The importance of family involvement in palliative care

Palliative Care Week - Aunt Alice

Aunt Alice is my mum’s half-sister. Since I was 12, she had been living with us, and she’d helped my mum raise me.

When we were all together in the living room, Aunt Alice looked at my mum and me and said, “I have breast cancer.”

She’d gotten her diagnosis in 2019 and had kept it to herself all this time. She said she didn’t want to bother us and that she’d already set up an appointment to discuss palliative care with the hospital.

The notion of palliative care was so alien to me – I’d never had to deal with cancer in our family before. We were all healthy and active people, so we didn’t know much about palliative care. This was new territory for us.

Aunt Alice explained that the palliative care offered to her was a supplemental approach that provides specialised care for people living with a severe illness. The program would include the best therapeutic aids for pain, anxiety, and depression.

A team of medical specialists would take care of her needs and improve her quality of life and ours.

I tried to compromise and let her do the program, but I wanted to be involved. I talked to the medical specialist planning her palliative care program.
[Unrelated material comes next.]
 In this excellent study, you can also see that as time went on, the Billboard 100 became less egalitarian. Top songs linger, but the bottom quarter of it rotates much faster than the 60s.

He said I could be as involved as I wanted to be. In fact, he highly encouraged it.

He informed me that I could help with the decision-making about my aunt’s therapy plans, asset protection, and selection of the appropriate patient-centred caregiving plan. I was relieved and started looking at the possible options.
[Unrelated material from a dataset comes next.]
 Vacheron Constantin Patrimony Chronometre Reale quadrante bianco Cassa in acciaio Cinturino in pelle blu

I went over the treatments, care plans, financial resolutions, and daily activities recommended for her. I chose what she most preferred and what I felt would make her happy.

After settling on her palliative care plan, I noticed that Aunt Alice felt lighter and less anxious about her sickness. It made me happy that somehow she gained confidence that she wasn’t alone.

We decided to do the care plan at home. We had a nurse who would come in early in the morning and go home at night. The nurse taught me how to prepare my aunt’s medications and oriented me on her treatments.

Chemotherapy brings a range of unpleasant symptoms like pain, fatigue, loss of appetite, nausea and vomiting. But thanks to Aunt Alice’s palliative care specialists, she was able to take supportive medications to relieve these symptoms. 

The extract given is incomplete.